# About this exercise:
Print out the entries from the line containing "柳城縣市場監(jiān)督管" through the last line, exactly, and print nothing else. Pictures are not copied.

# Exercise data:
.....
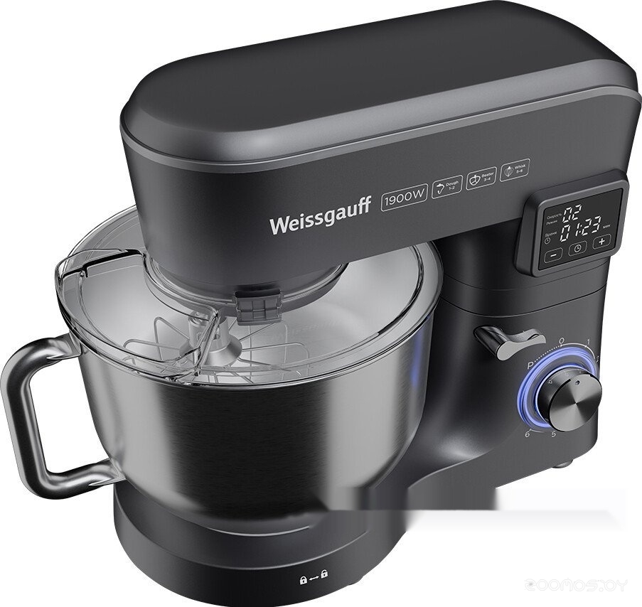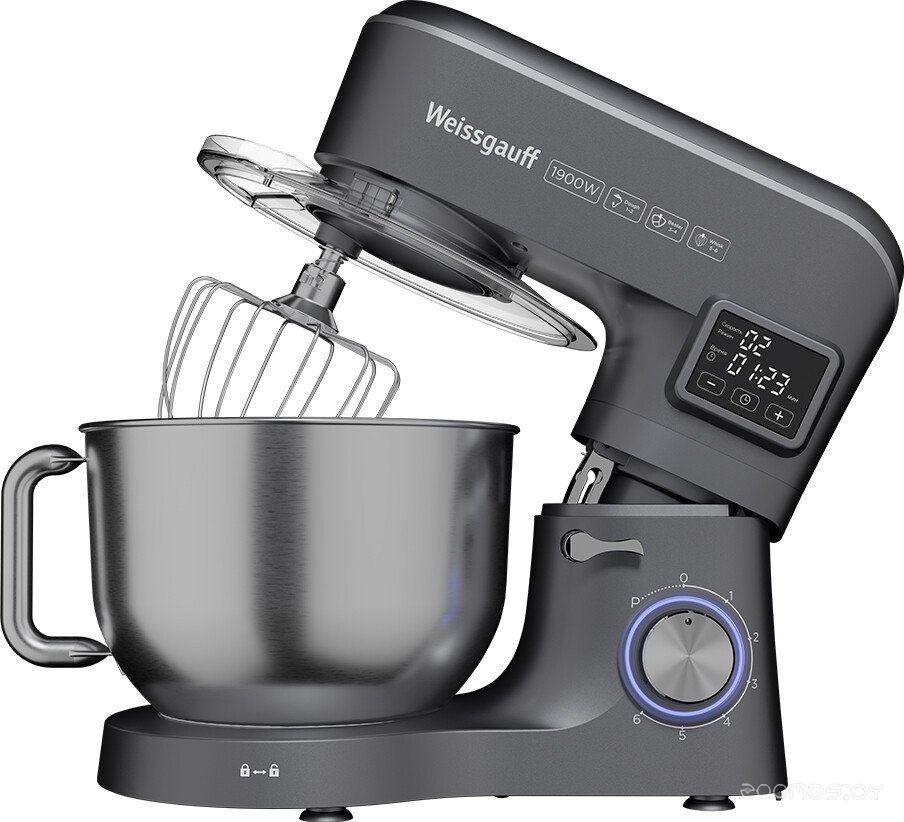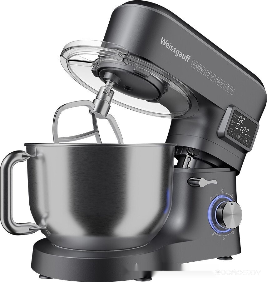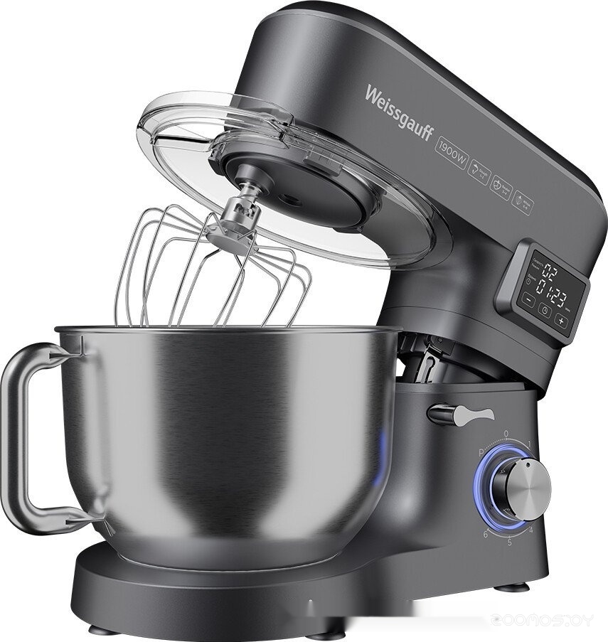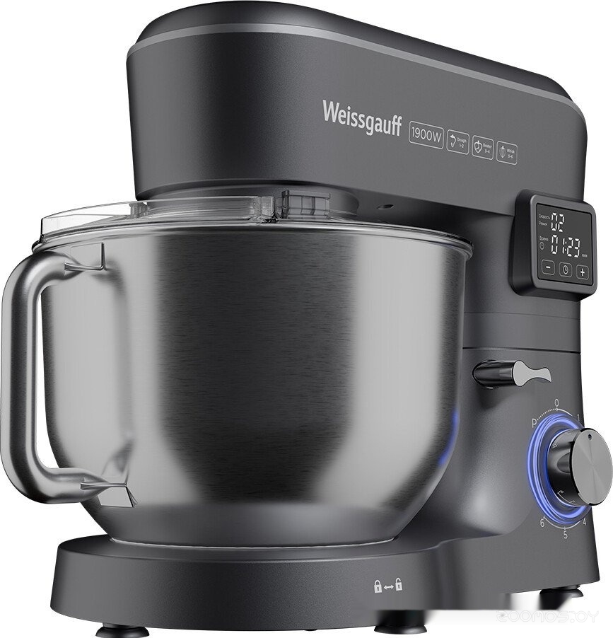 | Комплектация | чаша из нержавеющей стали 6 л с крышкой-экраном от брызг и отсеком для добавления продуктов, насадка для смешивания, насадка для теста, венчик для взбивания, цифровой дисплей, руководство пользователя | ||
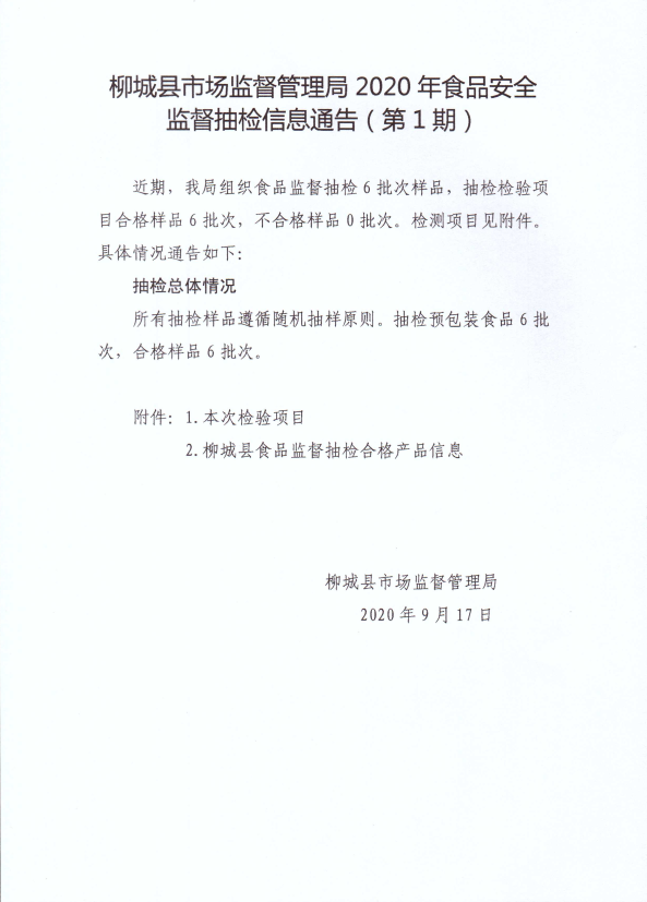 柳城縣市場監(jiān)督管理局2020年食品安全監(jiān)督抽檢信息通告(第1期)
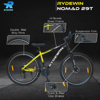 RYDEWIN NOMAD Front Suspension, 85% Installed Water Decal Sticker and Dual Disc Brake 29 T (inch) Mountain Cycle (21 Gear, Yellow, Black, Only Front Suspension)
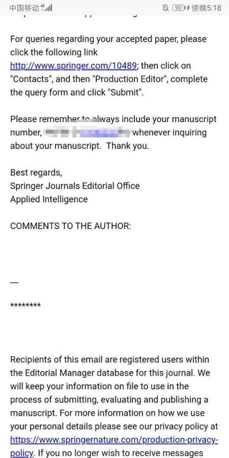 最近在Applied Intelligence 期刊上收到一篇论文的录用通知, 并通知去联系出版编辑。 但在网站上的“Contacts”中,似乎有两个出版编辑的联系人(可能是本人英语不太好的理解错误), 想咨询下应该去联系哪个? 录用邮件信息.png 网站信息.png |
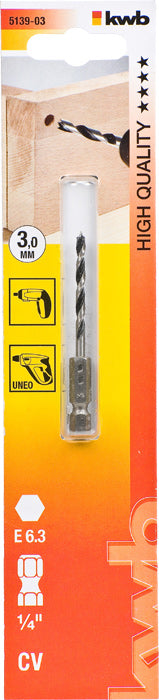 Holzspiralbohrer mit Sechskantaufnahme 1/4'', ø 3.0 mm
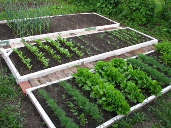 - Грядки-контейнера. Их параметры: ширина до 1 метра, высота – 30–40 см или 70–80 см, длина — любая. Материал может быть любой.
.....
# Exercise answer:
 柳城縣市場監(jiān)督管理局2020年食品安全監(jiān)督抽檢信息通告(第1期)
 RYDEWIN NOMAD Front Suspension, 85% Installed Water Decal Sticker and Dual Disc Brake 29 T (inch) Mountain Cycle (21 Gear, Yellow, Black, Only Front Suspension)
 最近在Applied Intelligence 期刊上收到一篇论文的录用通知, 并通知去联系出版编辑。 但在网站上的“Contacts”中,似乎有两个出版编辑的联系人(可能是本人英语不太好的理解错误), 想咨询下应该去联系哪个? 录用邮件信息.png 网站信息.png |
 Holzspiralbohrer mit Sechskantaufnahme 1/4'', ø 3.0 mm
 - Грядки-контейнера. Их параметры: ширина до 1 метра, высота – 30–40 см или 70–80 см, длина — любая. Материал может быть любой.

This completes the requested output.